Thankfully many of the cable channels take advantage of this lull to run some of their top shows. Sci-Fi, in particular, has a few first run shows for the bored summer viewer. In addition to some of their own content (like the quirky and entertaining Eureka), Sci-Fi has held off on airing season three of Doctor Who until this month. They actually started with the Christmas special, “Runaway Bride” and the first episode, “Smith and Jones” last week but for various, uninteresting reasons I ended up being way too late in covering those. So let’s go on with “The Shakespeare Code.”

Given how long Doctor Who has been on the air, it’s a bit surprising that the writers hadn’t already played the Shakespeare card. There have been a few references to the Bard over the years but never, to the best of my knowledge, has Shakespeare ever appeared as an actual character in Doctor Who.

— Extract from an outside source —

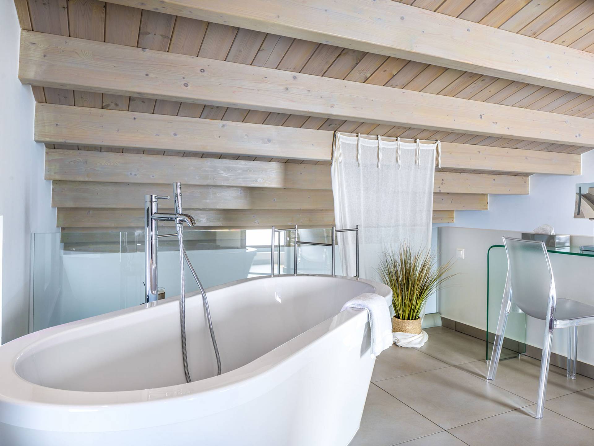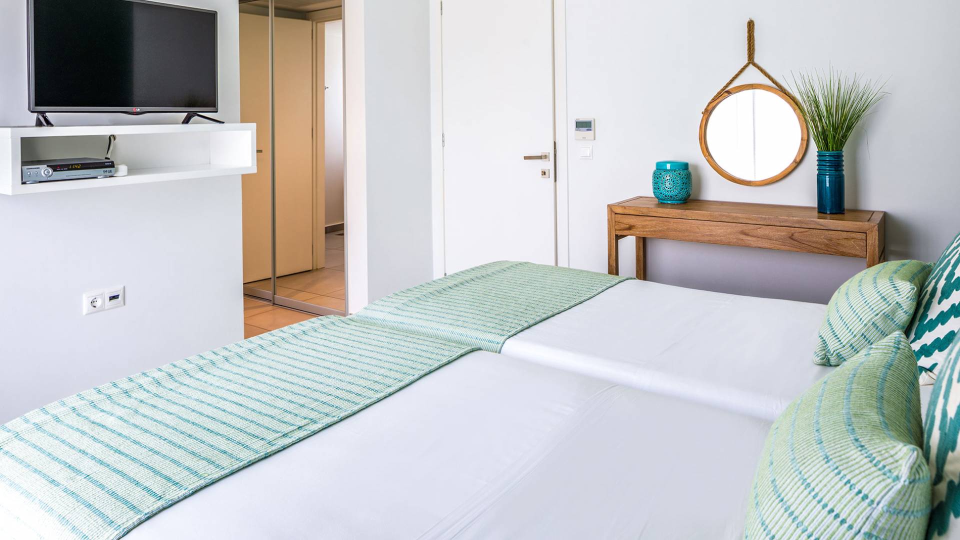 - Bedroom 4 with two single beds, ensuite bathroom and private balcony with sea view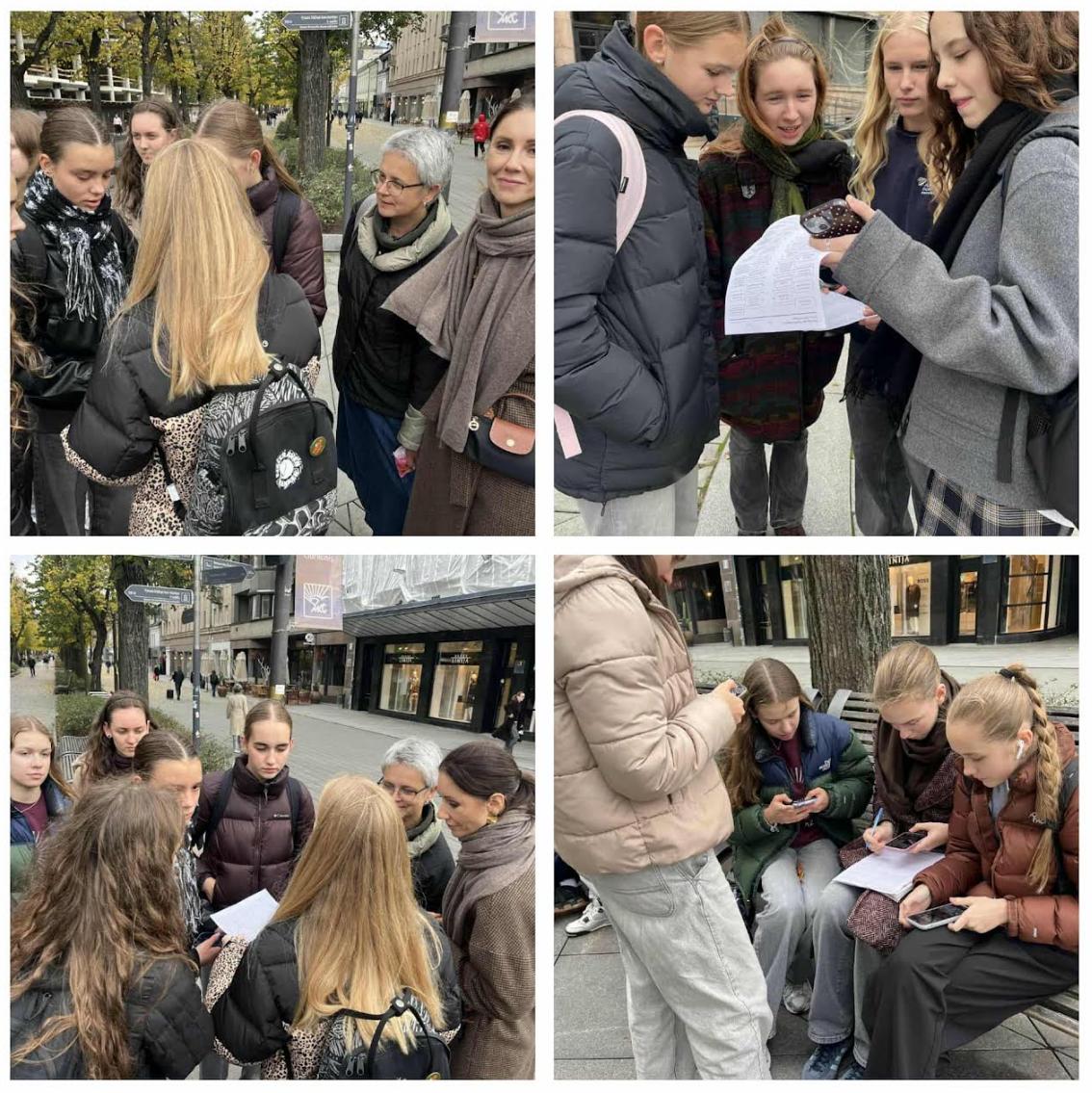 Kiekvienais metais gimnazijoje vokiečių kalbos mokytojų iniciatyva organizuojami vokiečių kalbos savaitės „Ö kaip vokiškai“ renginiai – ir šie metai nėra išimtis. „Saulės“ gimnazijos pirmokai spalio 16 dieną kartu su J. Dobkevičiaus progimnazijos ir Dailės gimnazijos moksleiviais dalyvavo orientaciniame žaidime „Architektur der Zwischenkriegszeit im Zentrum von Kaunas“, kurį parengė vokiečių kalbos mokytojos Goda Stelnionienė, Jurgita Stonienė, Inga Žegužauskė, Edita Kondrašovienė, Marina Nenachova. Mišriose komandose moksleiviai pagal užuominas turėjo surasti žymiausius tarpukario pastatus, esančius Kauno centre, ir atsakyti į pateiktus klausimus. Be to, moksleiviai turės parengti pristatymus, kuriuose atsispindės jų kūrybiškumas. Ačiū visiems dalyvavusiems, laukiame įdomių pristatymų. Štai keletas epizodų iš renginio.

The usage of Shakespeare was a bit of a mixed bag. While the Shakespeare stealing lines from the Doctor running joke went on a little too long and having Martha apparently become Shakespeare’s Dark Lady felt forced, using the lost play was clever. Since the play was used as a major plot point whereas the other stuff was meant as minor comedic relief, on a whole Shakespeare thing works.

I was much less a fan of the constant Harry Potter references though. When Martha used ‘Expelliarmus’ to defeat the Carrionites, I felt like throwing something out the TV. The feeling only intensified when the Doctor followed that up with “Good ol’ JK.” I am a fan of the HP franchise, but the repeated suggestions that J.K. Rowling is on par with Shakespeare in the genius department were laughable, at best.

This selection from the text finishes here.